Emir Sader
07 de agosto de
2014
Cuando estalló la
Primera Guerra Mundial, el efecto de sus bombas no aunó a la izquierda. Al
contrario, provocó la más importante ruptura que conformó las dos
corrientes que han dominado el escenario político durante décadas: la
social demócrata y la comunista.
Lo primero que hace un
Gobierno cuando decide entrar en guerra es solicitar al Parlamento
licencia para administrar libremente los recursos y darle a la guerra
prioridad absoluta. Los partidos socialistas se vieron entonces frente al
dilema de apoyar a sus gobiernos o reafirmar sus políticas pacifistas e
internacionalistas apoyadas en los análisis de Lenin, que las tildaba
de guerras interimperialistas, de división y repartición de las colonias
entre las potencias.
Colocados frente a
esta alternativa de sumarse a la guerra interimperialista (en que las
burguesías de cada país peleaban por sus colonias en contra de las de otros
países), movidos por el clima patriótico generado en cada país que va a la
guerra; o reafirmar el pacifismo, la mayoría de los países socialistas
optó por la primera opción.
Cada uno de los
partidos socialistas se alineó con la burguesía de su país y privilegió la
cuestión nacional en detrimento de la cuestión social, apoyando el
envío de sus pueblos —cuya masa mayoritaria estaba conformada por
trabajadores— a pelear en los campos de batalla contra los pueblos de los
otros países para defender los intereses de las clases dominantes de sus
países.
La minoría —entre
ellos Lenin, Rosa Luxemburgo y Trotsky—, manteniendo las tesis del pacificismo
y del internacionalismo, rompió con la Segunda Internacional. Poco tiempo más
tarde se fundaría la Tercera. Reafirmaban así la tesis de Lenin de que, si
es cierto —como decían algunos dirigentes que se quedaron en la Segunda
Internacional— que nunca una revolución es tan difícil como en el comienzo de
una guerra (por el predominio del clima de unión patriótica), la
revolución nunca es tan posible como en el trascurso de una guerra (cuando
el pueblo se da cuenta de los sufrimientos que acarrea y del significado mismo
de la guerra).
Fue una fractura
traumática en la izquierda: generó la división entre la social democracia
—que apoyó a la guerra— y los comunistas—pacifistas, internacionalistas—.

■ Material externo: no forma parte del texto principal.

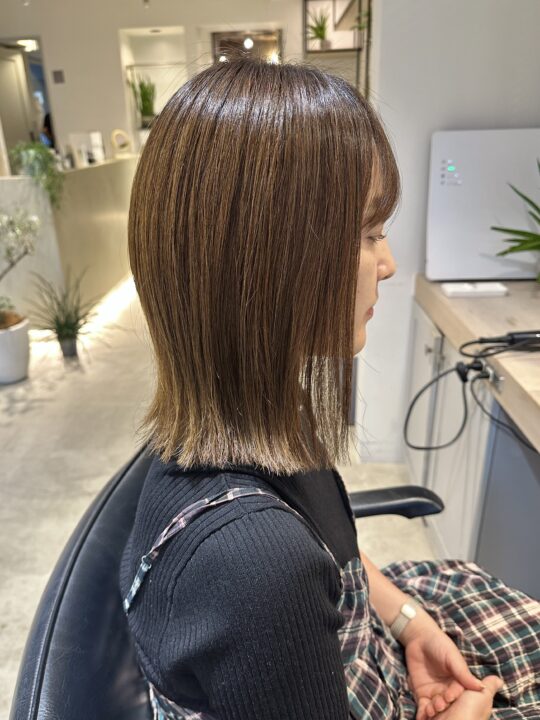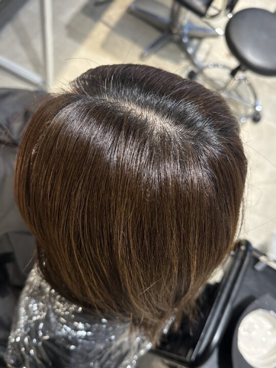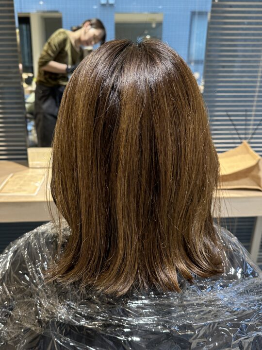 表面には細めのハイライトを入れて白髪ぼかしをしつつ、オシャレ感と動きをプラスしています。
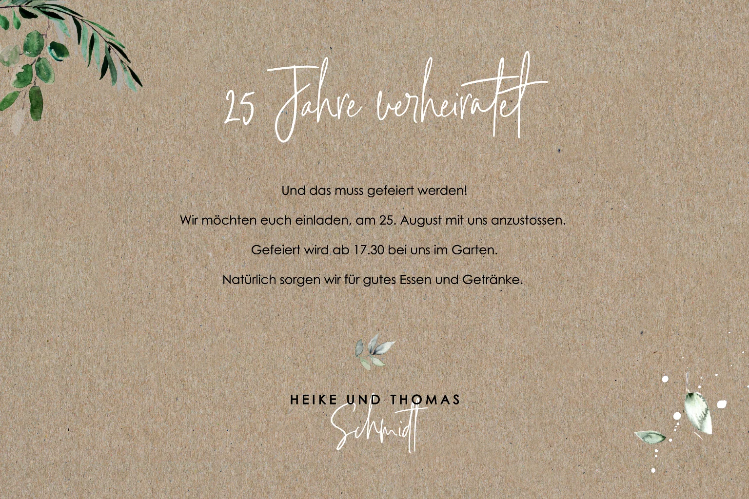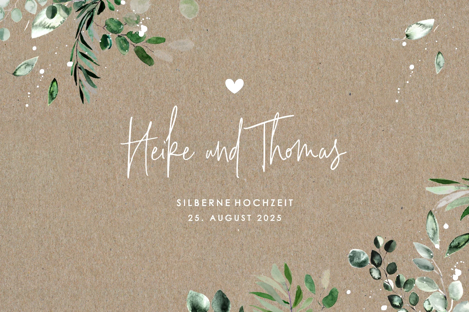 Stilvolle Einladungskarte zur silbernen Hochzeit mit Eukalyptuszweigen auf Kraftpapier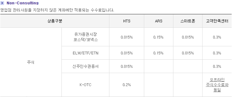 영업점 관리계좌인 경우, 반대매매 및 선물옵션 만기청산시에는 오프라인 수수료율이 적용됩니다.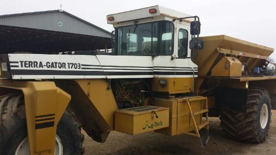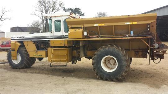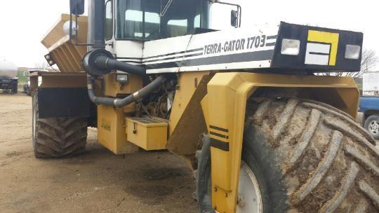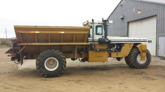1991 Terra Gator 1703, 8.3L Cummins 6CTA diesel engine, Allison automatic transmission, heat, air conditioning, Am/Fm radio, New Leader L3020 dry spreader box, all hydraulic, 50% front tires, 40% rear tires, Raven SCS660 monitor, shows 5309 hours.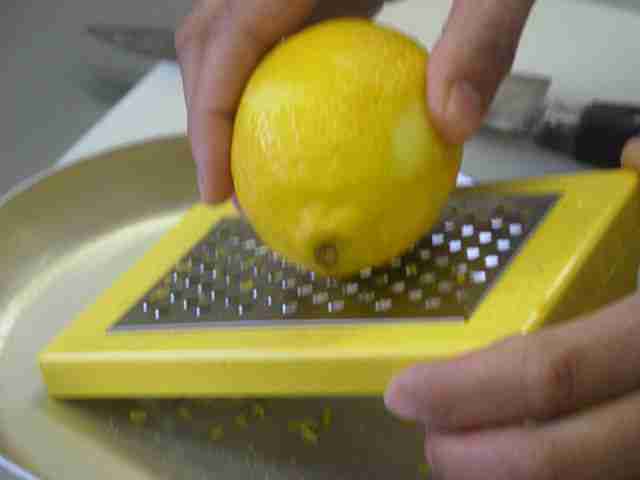 - レモンの皮は、黄色の表皮だけを使います。白いワタの部分が入らないようにしてください(4)。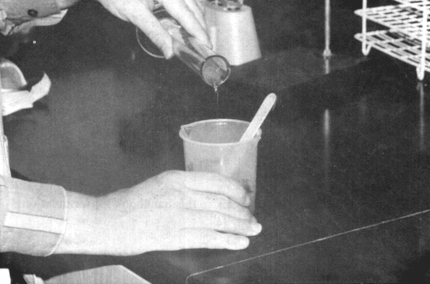 (c) Mix (stir) the contents thoroughly with a stirring device (tongue blade, fork).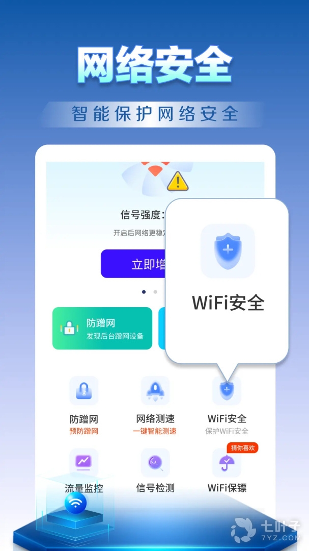 3、会对用户连接的WIFI网络进行安全性检查,如果检测出网络存在风险,会弹出警告提醒用户。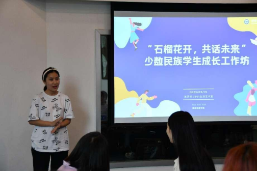 发布时间: 2023-05-24 09:25:13 已阅读:为深入贯彻落实中央民族工作会议精神,铸牢中华民族共同体意识,深化民族团结进步教育,助推少数民族员工更好地成长成才,公司于5月19日下午在17教3301生活艺术室开展“石榴花开,共话未来”少数民族员工成长工作坊,公司党委副书记王晖老师、2022级辅导员曾琪芮老师、高年级少数民族员工代表和2022级少数民族员工参加本次活动,工作坊由2022级辅导员曾琪芮主持。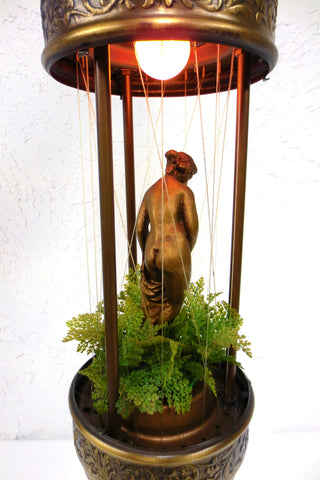 Fully functional, complete and all original, very clean. Vintage mineral oil rain drop ceiling light, 21" tall, 18" top without top hook, 6" diameter. Can be hanged to a standard or very high ceiling, or stands on its own on a table. Has its original tags signed Johnson Industries. Beautiful metal sculpture of a woman bathing, surrounded by tall plastic ferns. All metal, on/off switch, very long and safe power cord and matching chain that covers it, light bulb included. Oil will be removed for safe shipping. Total weight 2.6 kg.

Posteriormente, la ruptura fue asumiendo otro carácter: la social democracia
renunció al socialismo, optó por la democratización del capitalismo y
acusó a la URSS de totalitaria. Mientras, los comunistas asumieron a la URSS
como modelo y acusaron a la social democracia de haber abandonado el socialismo
y de haberse reconvertido al capitalismo.
Aquel
momento clave sirvió para definir las opciones entre la prioridad de la
cuestión nacional —bajo su forma chovinista— o la de la cuestión
social, es decir, del anticapitalismo. Fue un momento trágico para la
izquierda mundial: la mayoría de los partidos de izquierda se rindieron a la
guerra de sus élites dominantes y las dos corrientes siquiera
lograron unificarse en la lucha en contra del nazismo ascendiente pocos
años más tarde, cuando el caso de Alemania fue el más evidente.